Prompt: A faithful copy of the data is the goal; set it down exactly, without the images.

Supplied information:
• • • • • • •

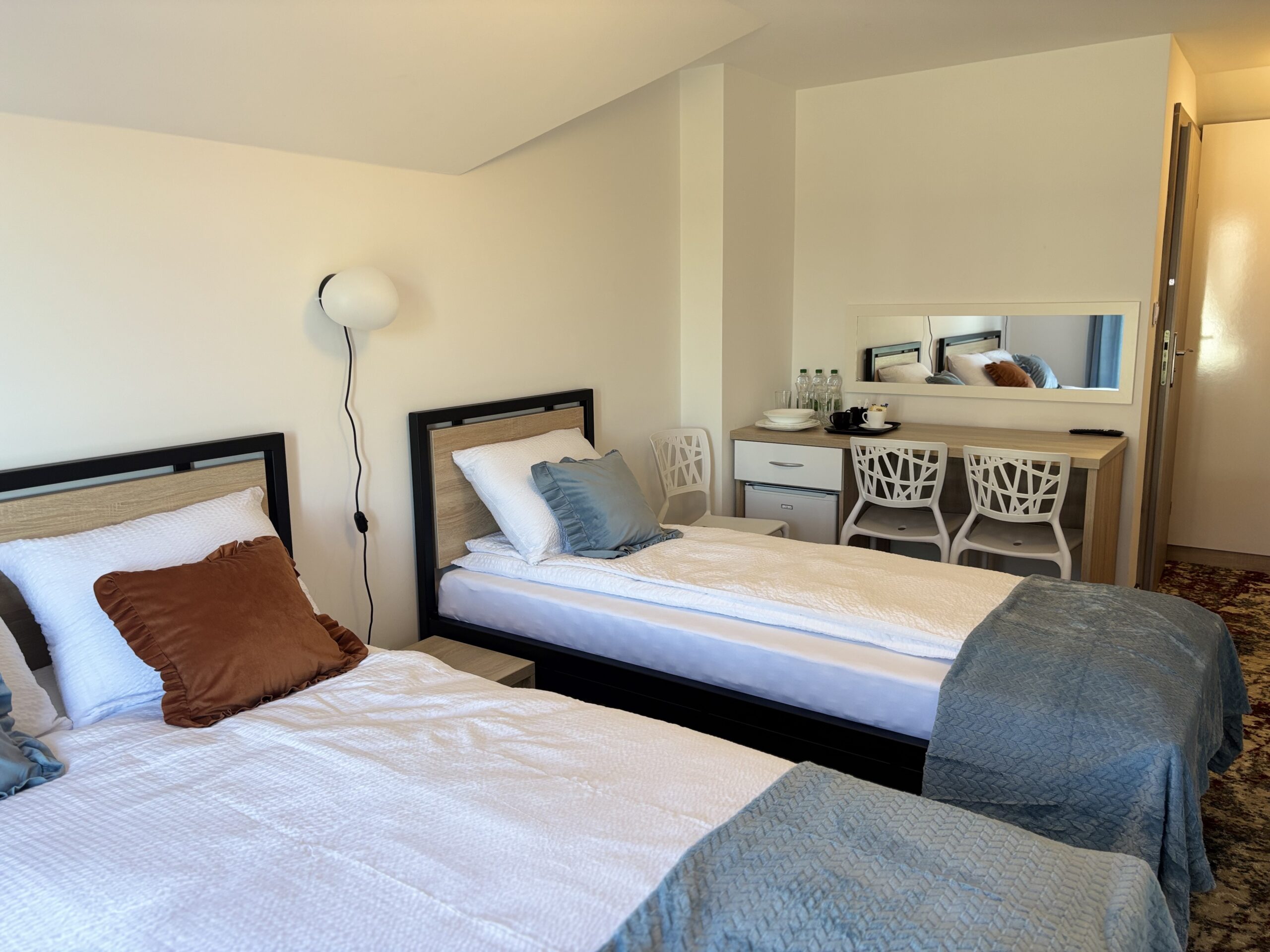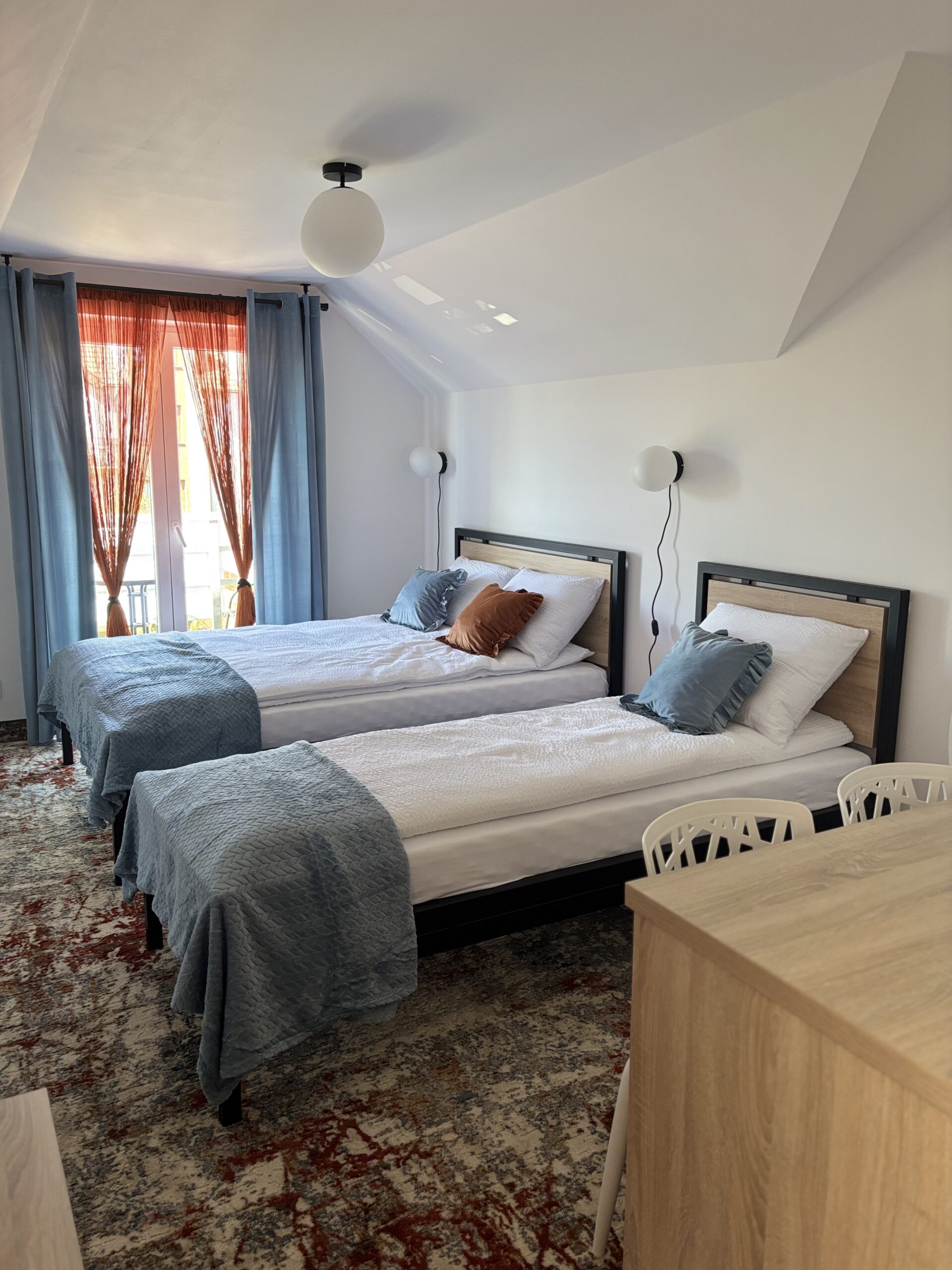 Pokój idealny dla par z dziećmi w którym znajdą Państwo wygodne łóżka, jedno pojedyncze oraz jedno podwóje. Wnętrze oferuje dużą, pojemną szafę, telewizor, wiatrak oraz prywatną łazienkę z kabiną prysznicową.
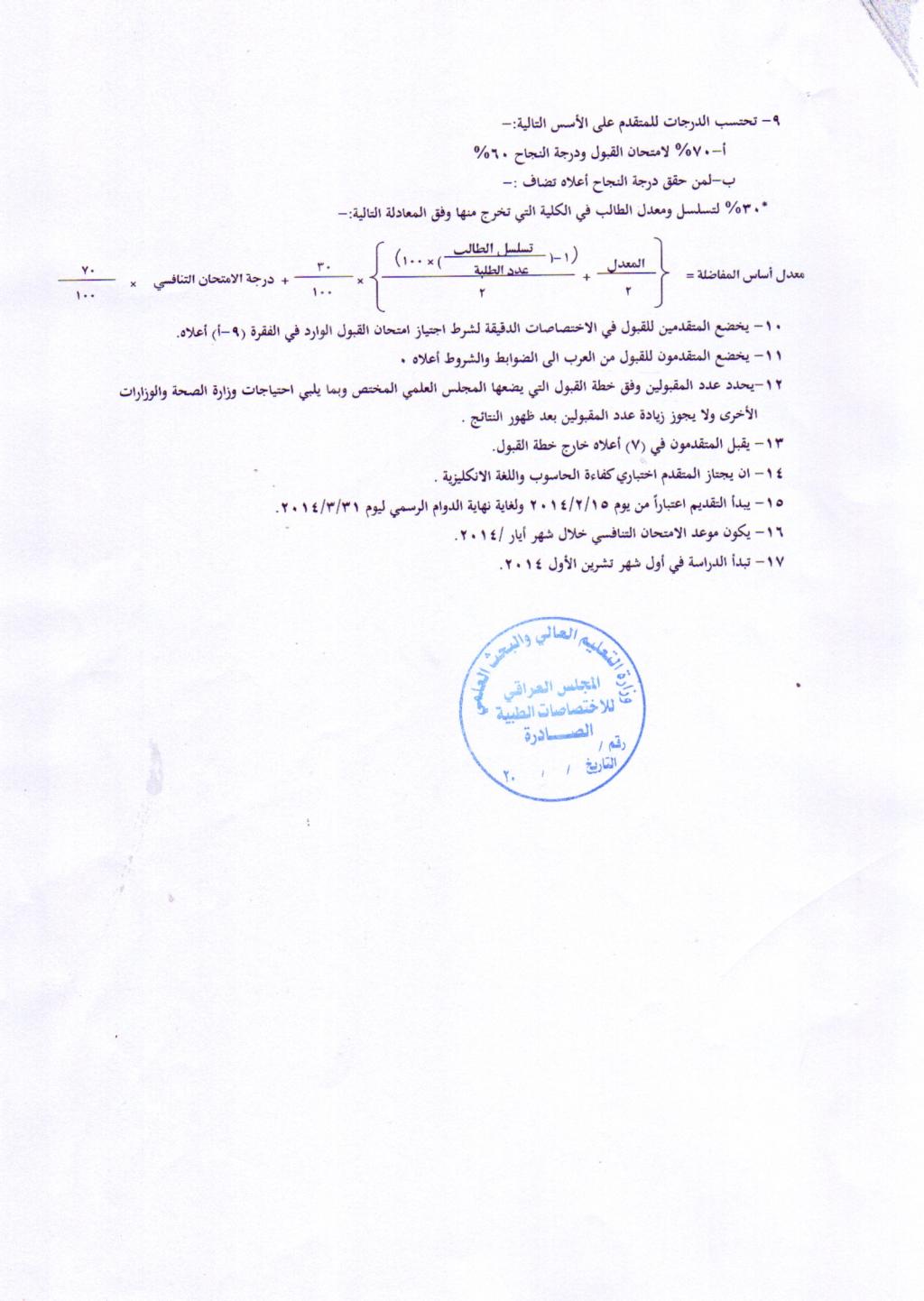 ضوابط وشروط التقديم للبورد العراقي للعام 2014-2015 – كلية الطب
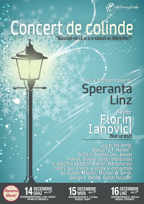 Apropiindu-ne de frumoasa sărbătoare a nașterii Mântuitorului nostru Isus Christos, Duhul Sfânt ne-a pus în inimă dorința de a duce Vestea Bună în câteva orașe din Austria. Prin colindele susținute de corul și orchestra Bisericii “Speranta” – Linz și mesajul Evangheliei propovăduit de fratele Florin Ianovici, ne rugăm ca Dumnezeu să atingă inimile noastre și ale celor nemântuiți, să transforme vieți și să aducă pace și bucurie în casele noastre.

• • • • • • •

Exercise solution:
 Pokój idealny dla par z dziećmi w którym znajdą Państwo wygodne łóżka, jedno pojedyncze oraz jedno podwóje. Wnętrze oferuje dużą, pojemną szafę, telewizor, wiatrak oraz prywatną łazienkę z kabiną prysznicową.
 ضوابط وشروط التقديم للبورد العراقي للعام 2014-2015 – كلية الطب
 Apropiindu-ne de frumoasa sărbătoare a nașterii Mântuitorului nostru Isus Christos, Duhul Sfânt ne-a pus în inimă dorința de a duce Vestea Bună în câteva orașe din Austria. Prin colindele susținute de corul și orchestra Bisericii “Speranta” – Linz și mesajul Evangheliei propovăduit de fratele Florin Ianovici, ne rugăm ca Dumnezeu să atingă inimile noastre și ale celor nemântuiți, să transforme vieți și să aducă pace și bucurie în casele noastre.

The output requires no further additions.